1. A video generation method is applied to a mobile terminal and is characterized by comprising the following steps:

displaying an interface, the interface comprising: the method comprises the following steps that a background image of a video to be processed and at least one body-separating image of a main body object which is superposed on the background image according to body-separating position information are obtained; wherein each of the body images corresponds to a body keyframe;

2. The method of claim 1, wherein prior to the displaying the interface, the method further comprises:

3. The method of claim 1,

the position movement control signal is a dragging touch signal for the first body splitting image;

4. The method of claim 3,

after the interface is displayed, the method further comprises:

5. The method of claim 4,

the displaying the subject object image in the image frame corresponding to the node position reached by the dragging control signal comprises:

and displaying the rendered main object image.

6. The method of claim 1,

the position movement control signal includes: a first point touch signal to the first body image and a second point touch signal to other regions except the first body image;

7. The method of claim 1,

the method further comprises the following steps:

displaying a time axis of the video to be processed;

and displaying a slider identification corresponding to the position movement control signal on the time axis.

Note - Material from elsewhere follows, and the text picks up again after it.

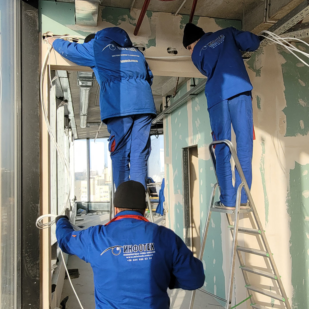 Для забезпечення надійності та безперебійного функціонування усіх систем безпеки, фахівці Інфотех почали роботи з прокладання СКМ (структурованих кабельних мереж), що мають 25-річну гарантію від виробника.

8. A video generation device applied to a mobile terminal is characterized by comprising:

a first display module configured to display an interface, the interface comprising: the method comprises the following steps that a background image of a video to be processed and at least one body-separating image of a main body object which is superposed on the background image according to body-separating position information are obtained; wherein each body segmentation image corresponds to a body segmentation key frame;

9. The apparatus of claim 8,

the device further comprises:

10. The apparatus of claim 8,

11. The apparatus of claim 10,

the update module is further configured to determine a target image frame corresponding to a target timestamp of the position movement control signal using: determining at least one node position corresponding to the dragging touch signal, determining a node timestamp corresponding to each node position, and determining an image frame corresponding to each node timestamp;

the device further comprises:

12. The apparatus of claim 11,

the second display module is further configured to display the subject object image in the image frame corresponding to the node position reached by the drag control signal by using the following method:

and displaying the rendered main object image.

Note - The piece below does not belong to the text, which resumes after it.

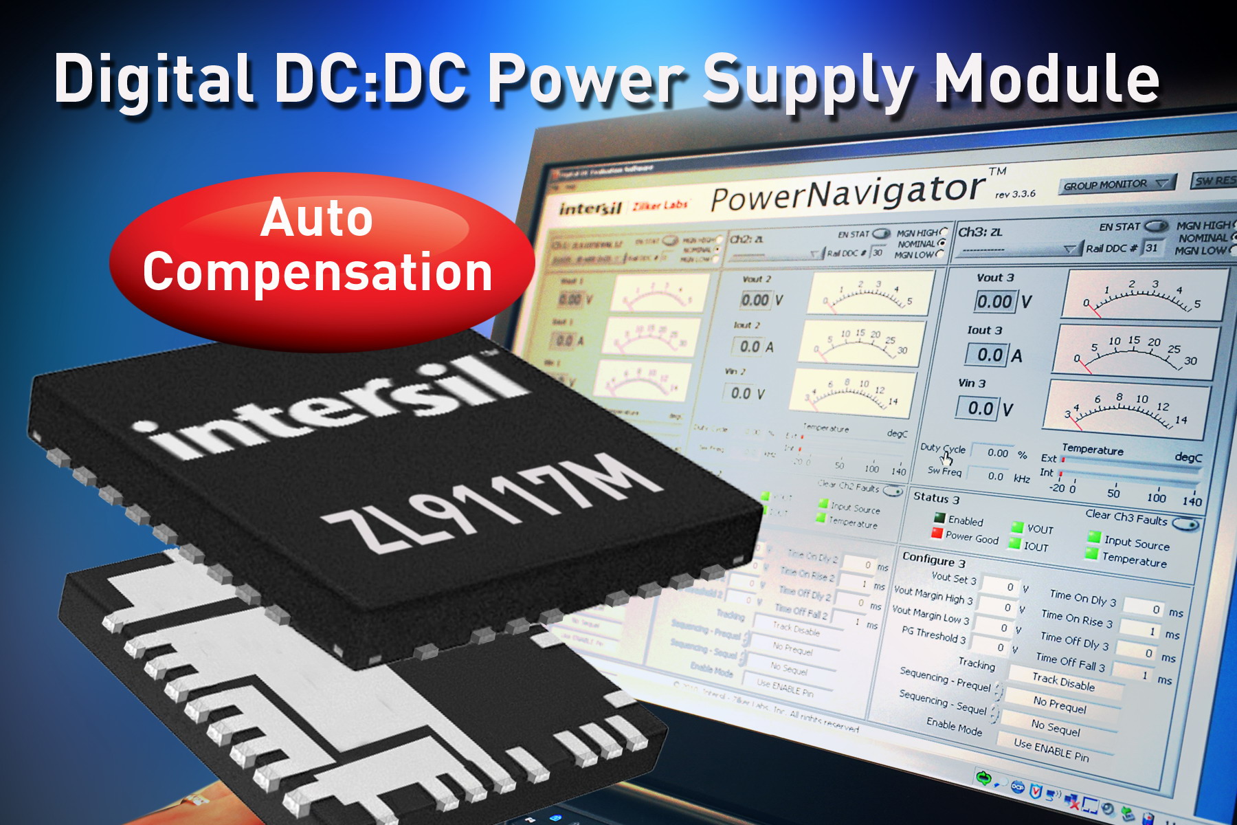Intersil推出最新17A數(shù)字電源模塊ZL9117MZL9117M通過PMBus支持遠程監(jiān)控,可并聯(lián)以提供更高電流。

13. The apparatus of claim 8,

14. The apparatus of claim 8,

the device further comprises:

a third display module configured to display a timeline of the video to be processed; and displaying a slider mark corresponding to the position movement control signal on the time axis.

15. A video generation apparatus, comprising:

a processor;

a memory for storing processor-executable instructions;

wherein the processor is configured to execute executable instructions in the memory to implement the steps of the video generation method of any of claims 1 to 7.

16. A non-transitory computer readable storage medium having stored thereon executable instructions, which when executed by a processor, implement the steps of the video generation method of any of claims 1 to 7.